## WHAT IS REQUIRED
Two lines below mark the span: the one containing "Ikony przedmioty student" and the one containing "捻ったロープのようなテクニックをブレスレットに落とし込みました。". Set down both, plus every line between, exactly as they stand, and nothing else.

*** RECORDS ***

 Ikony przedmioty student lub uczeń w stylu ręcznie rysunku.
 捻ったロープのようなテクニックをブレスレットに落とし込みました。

*** End of RECORDS ***
*** RECORDS ***

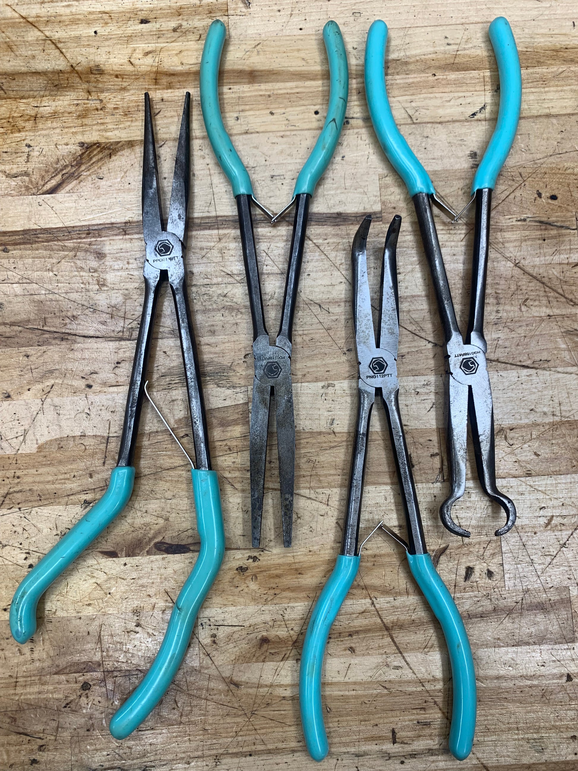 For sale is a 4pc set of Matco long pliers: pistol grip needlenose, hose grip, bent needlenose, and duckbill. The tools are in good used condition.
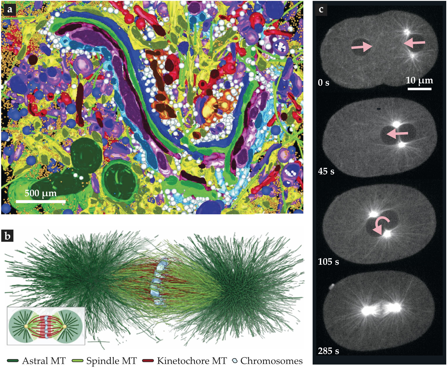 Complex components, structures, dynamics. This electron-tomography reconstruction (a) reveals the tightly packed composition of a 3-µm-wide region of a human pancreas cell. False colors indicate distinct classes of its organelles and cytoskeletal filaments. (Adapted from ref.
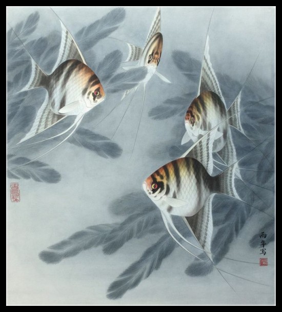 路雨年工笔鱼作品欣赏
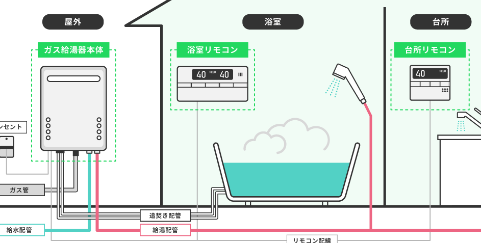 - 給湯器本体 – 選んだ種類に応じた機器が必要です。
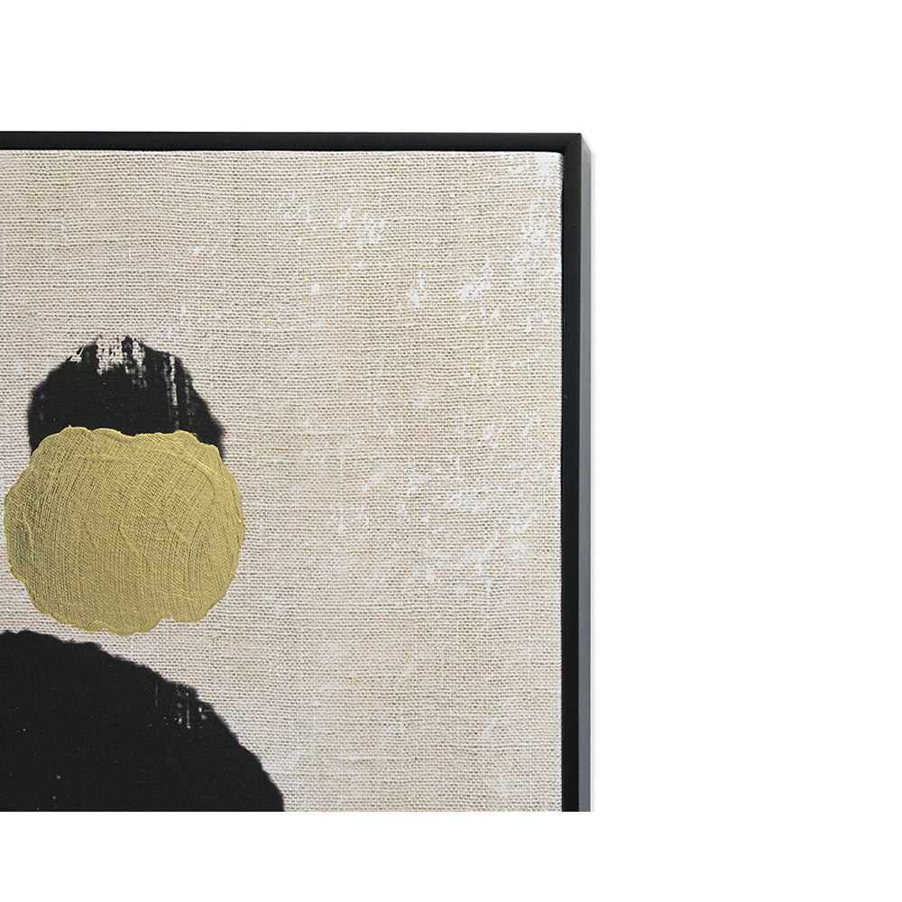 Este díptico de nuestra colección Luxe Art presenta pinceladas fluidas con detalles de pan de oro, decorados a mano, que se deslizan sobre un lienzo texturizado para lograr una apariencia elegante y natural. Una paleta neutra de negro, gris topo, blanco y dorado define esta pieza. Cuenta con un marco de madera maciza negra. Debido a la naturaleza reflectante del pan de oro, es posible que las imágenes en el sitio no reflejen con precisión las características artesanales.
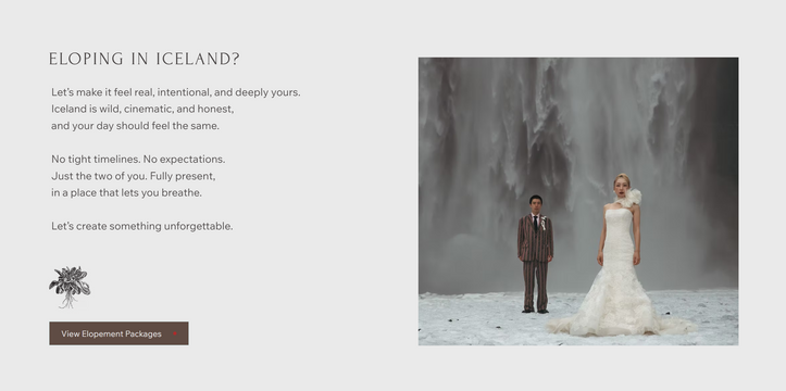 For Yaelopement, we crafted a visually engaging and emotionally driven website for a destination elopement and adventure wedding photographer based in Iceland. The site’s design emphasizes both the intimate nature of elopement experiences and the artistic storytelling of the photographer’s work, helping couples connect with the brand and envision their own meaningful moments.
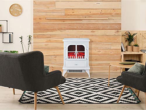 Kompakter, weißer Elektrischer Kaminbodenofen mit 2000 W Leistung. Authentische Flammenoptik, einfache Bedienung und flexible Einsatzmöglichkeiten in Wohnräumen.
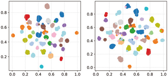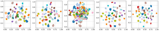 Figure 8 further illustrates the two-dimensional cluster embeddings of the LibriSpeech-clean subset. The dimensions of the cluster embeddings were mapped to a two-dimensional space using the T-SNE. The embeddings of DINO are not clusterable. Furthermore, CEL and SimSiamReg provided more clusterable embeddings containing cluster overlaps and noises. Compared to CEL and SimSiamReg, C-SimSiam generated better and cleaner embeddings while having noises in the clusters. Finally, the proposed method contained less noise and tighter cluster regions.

*** End of RECORDS ***
*** RECORDS ***

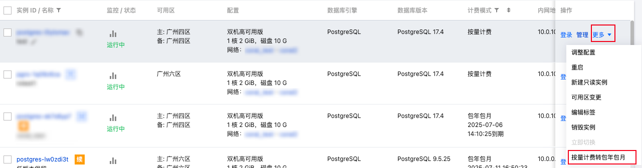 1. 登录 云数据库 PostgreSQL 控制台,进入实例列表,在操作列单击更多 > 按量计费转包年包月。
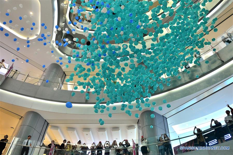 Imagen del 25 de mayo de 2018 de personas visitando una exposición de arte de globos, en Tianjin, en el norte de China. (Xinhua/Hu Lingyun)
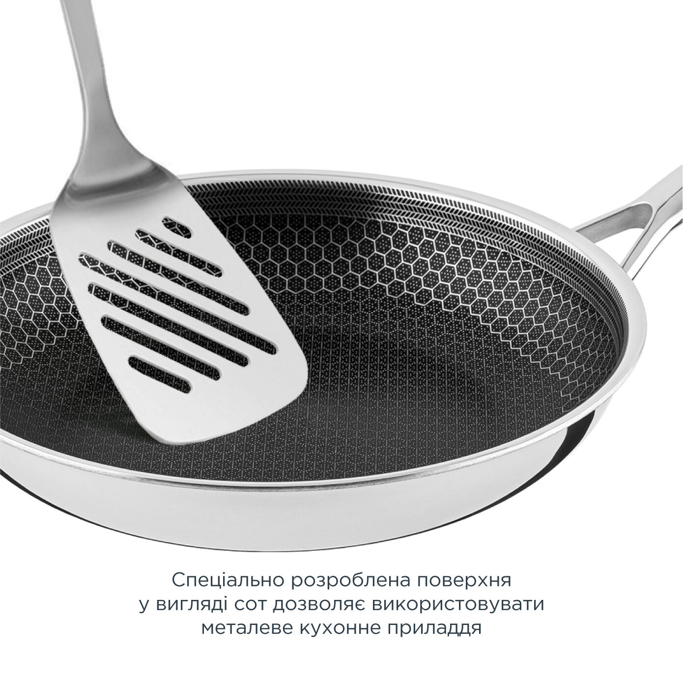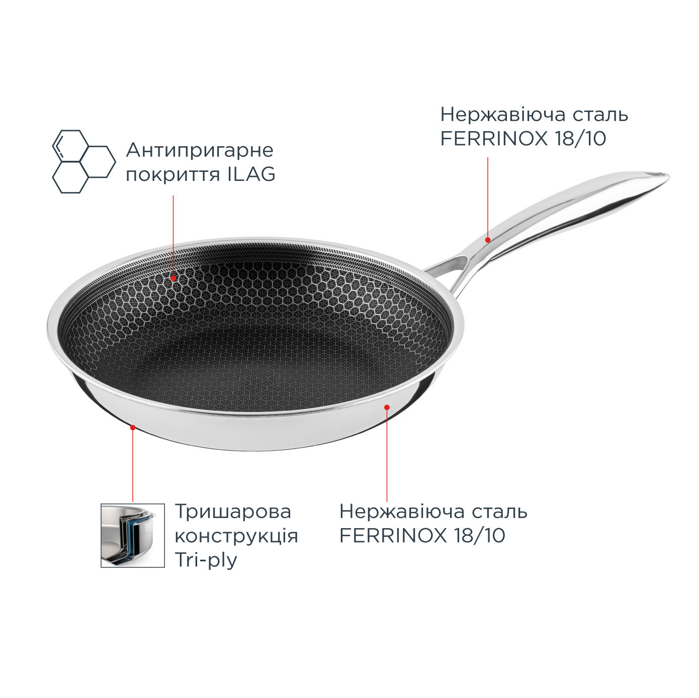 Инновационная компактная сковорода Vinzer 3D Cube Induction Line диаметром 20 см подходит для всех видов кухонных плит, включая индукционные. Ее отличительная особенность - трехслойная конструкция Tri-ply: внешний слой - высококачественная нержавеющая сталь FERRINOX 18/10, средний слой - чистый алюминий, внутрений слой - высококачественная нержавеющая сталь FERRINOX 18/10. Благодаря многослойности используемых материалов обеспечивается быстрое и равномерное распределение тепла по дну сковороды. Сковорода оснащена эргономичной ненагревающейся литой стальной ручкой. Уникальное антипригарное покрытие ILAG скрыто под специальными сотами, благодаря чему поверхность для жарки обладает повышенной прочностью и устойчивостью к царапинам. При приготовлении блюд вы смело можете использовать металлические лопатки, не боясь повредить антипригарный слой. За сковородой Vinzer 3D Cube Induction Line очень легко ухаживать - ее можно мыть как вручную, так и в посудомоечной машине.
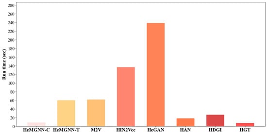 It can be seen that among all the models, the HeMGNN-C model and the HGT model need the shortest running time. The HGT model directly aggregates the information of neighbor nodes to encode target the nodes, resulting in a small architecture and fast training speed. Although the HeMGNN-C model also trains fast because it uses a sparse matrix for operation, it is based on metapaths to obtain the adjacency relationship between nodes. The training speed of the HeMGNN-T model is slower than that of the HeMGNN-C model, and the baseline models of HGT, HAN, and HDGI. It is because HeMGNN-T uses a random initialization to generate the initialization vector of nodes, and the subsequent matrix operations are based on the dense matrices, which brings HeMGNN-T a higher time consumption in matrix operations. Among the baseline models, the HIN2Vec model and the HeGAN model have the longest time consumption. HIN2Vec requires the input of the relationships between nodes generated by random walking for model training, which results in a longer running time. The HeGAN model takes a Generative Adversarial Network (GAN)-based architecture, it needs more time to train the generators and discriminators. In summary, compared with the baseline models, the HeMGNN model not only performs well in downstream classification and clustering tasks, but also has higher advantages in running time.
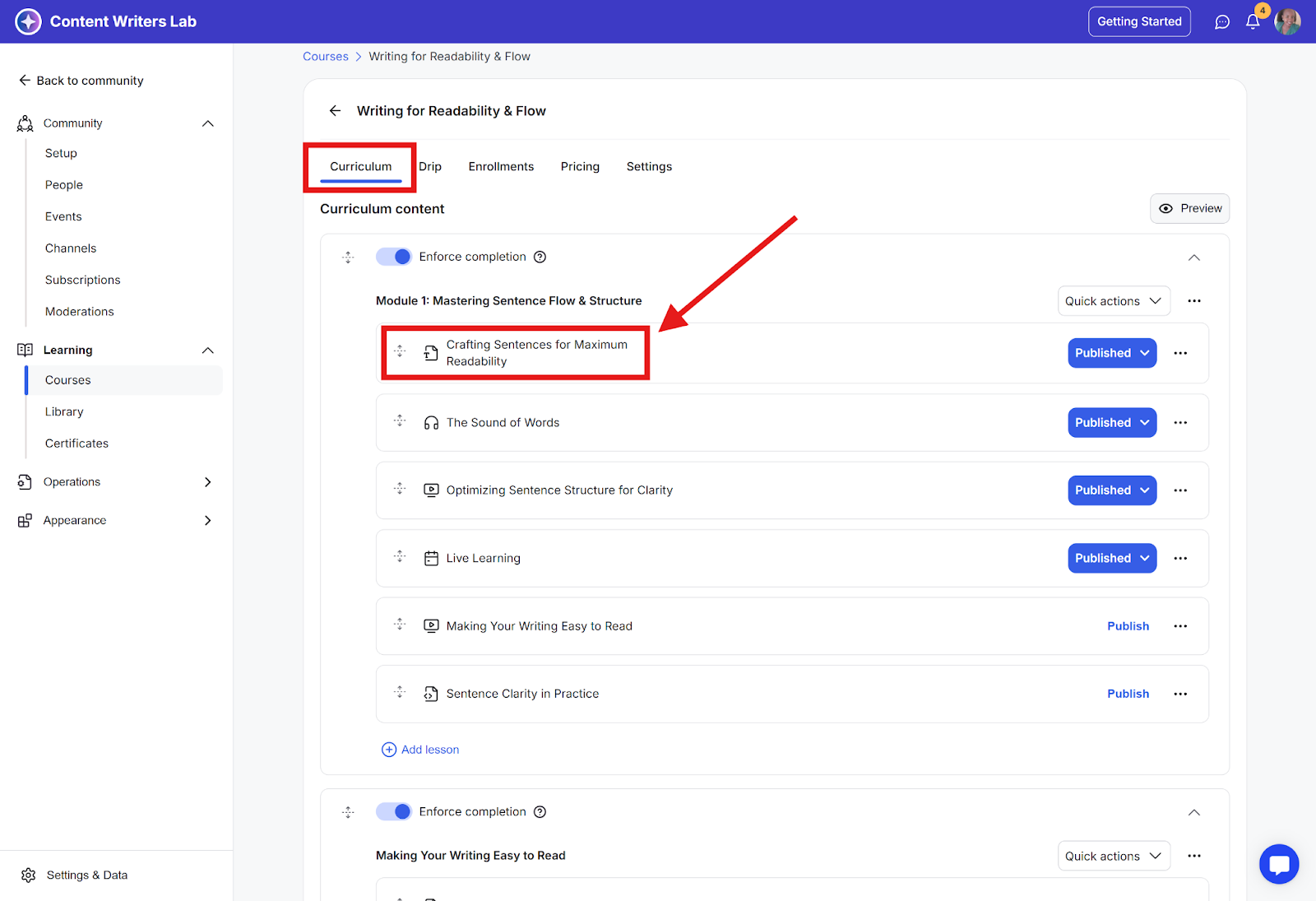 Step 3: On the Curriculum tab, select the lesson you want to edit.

*** End of RECORDS ***

## EXERCISE RESULT
 Ikony przedmioty student lub uczeń w stylu ręcznie rysunku.
 捻ったロープのようなテクニックをブレスレットに落とし込みました。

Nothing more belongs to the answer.